> **Exercise brief**:
Exactly as written, output each of the lines below, with no images.
━━━ Provided data ━━━
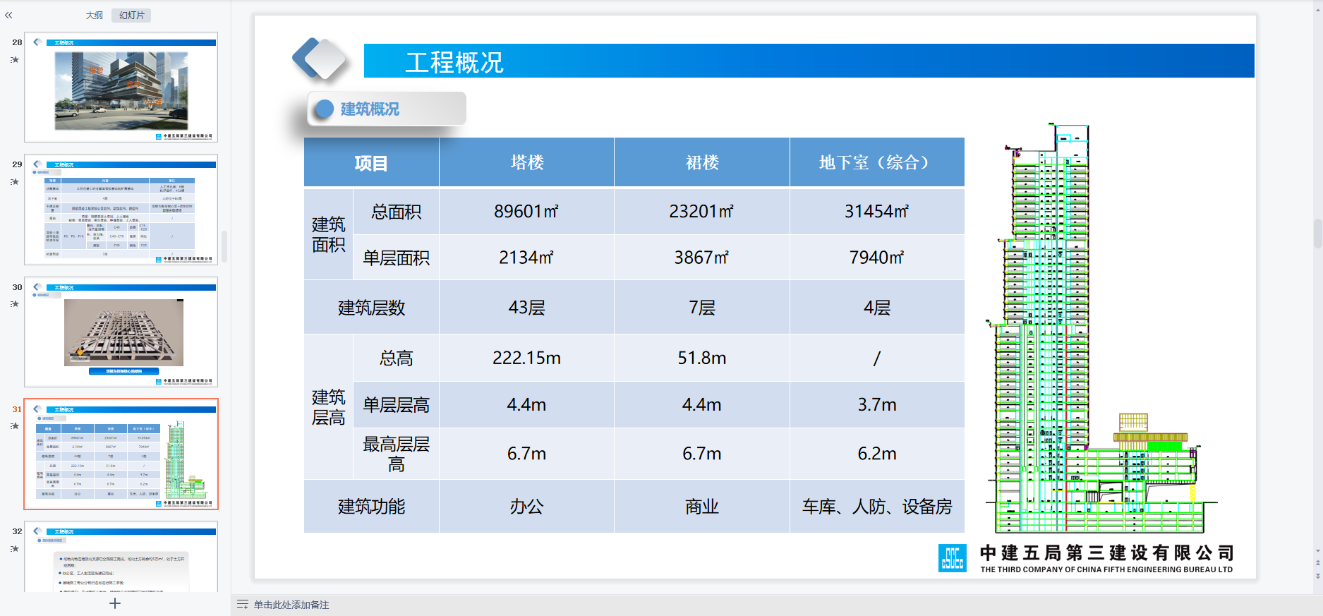 欢聚大厦项目占地面积 9958平方米,总建筑面积14.4万平方米,主塔楼高222.15米,裙楼高51.80米。共有地上43层与地下4层。结构类型为钢筋混凝土框架+型钢混凝土核心筒(埋设钢柱)+钢桁架梁+Y型钢柱。
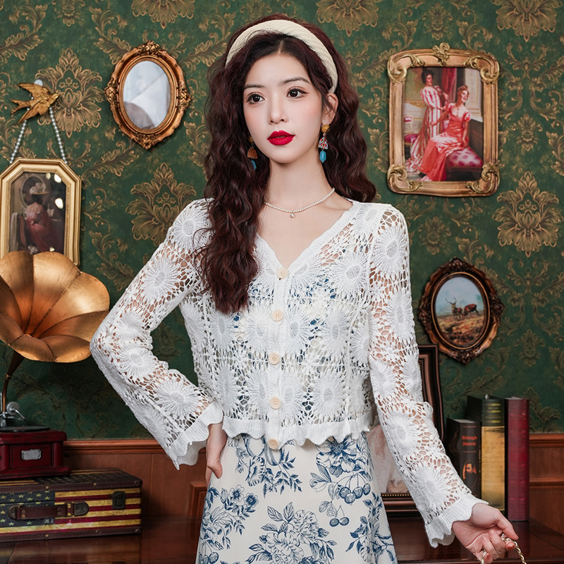سترة متماسكة مجوفة تصميم سترة قصيرة للربيع والصيف للحماية من الشمس، تنورة متطابقة، معطف صغير، كم طويل، ملابس خارجية أنيقة
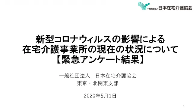 日本在宅介護協会東京・北関東支部は、2020年4月に新型コロナウイルスが在宅介護業界に与えた影響についての緊急アンケートを実施しました。対象は支部に所属する事業者で、アンケートには108事業者が回答。特に経営管理層や現場の介護専門員から多くの貴重な意見が寄せられました。
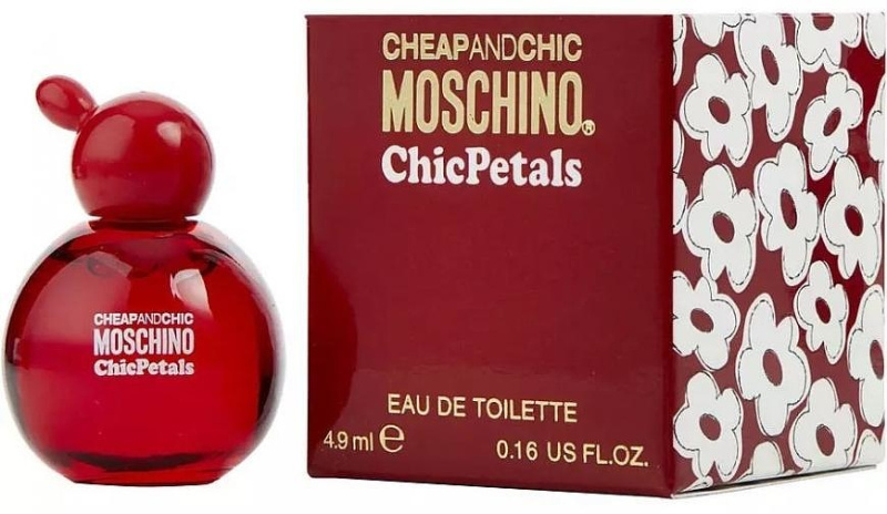 Moschino - Cheap & Chic Petals - композиция нового аромата создана парфюмером Guillaume Flavigny, . Она открывается сочными фруктовыми нотами граната и дикой земляники в сочетании с красным имбирем. Далее следует цветочное сердце из красной орхидеи, гардении и водяной лилии. Наконец, база новинки включает аккорды мускуса, дерева хиноки и итальянского ириса.
━━━
> **Answer to the exercise**:
 欢聚大厦项目占地面积 9958平方米,总建筑面积14.4万平方米,主塔楼高222.15米,裙楼高51.80米。共有地上43层与地下4层。结构类型为钢筋混凝土框架+型钢混凝土核心筒(埋设钢柱)+钢桁架梁+Y型钢柱。
سترة متماسكة مجوفة تصميم سترة قصيرة للربيع والصيف للحماية من الشمس، تنورة متطابقة، معطف صغير، كم طويل، ملابس خارجية أنيقة
 日本在宅介護協会東京・北関東支部は、2020年4月に新型コロナウイルスが在宅介護業界に与えた影響についての緊急アンケートを実施しました。対象は支部に所属する事業者で、アンケートには108事業者が回答。特に経営管理層や現場の介護専門員から多くの貴重な意見が寄せられました。
 Moschino - Cheap & Chic Petals - композиция нового аромата создана парфюмером Guillaume Flavigny, . Она открывается сочными фруктовыми нотами граната и дикой земляники в сочетании с красным имбирем. Далее следует цветочное сердце из красной орхидеи, гардении и водяной лилии. Наконец, база новинки включает аккорды мускуса, дерева хиноки и итальянского ириса.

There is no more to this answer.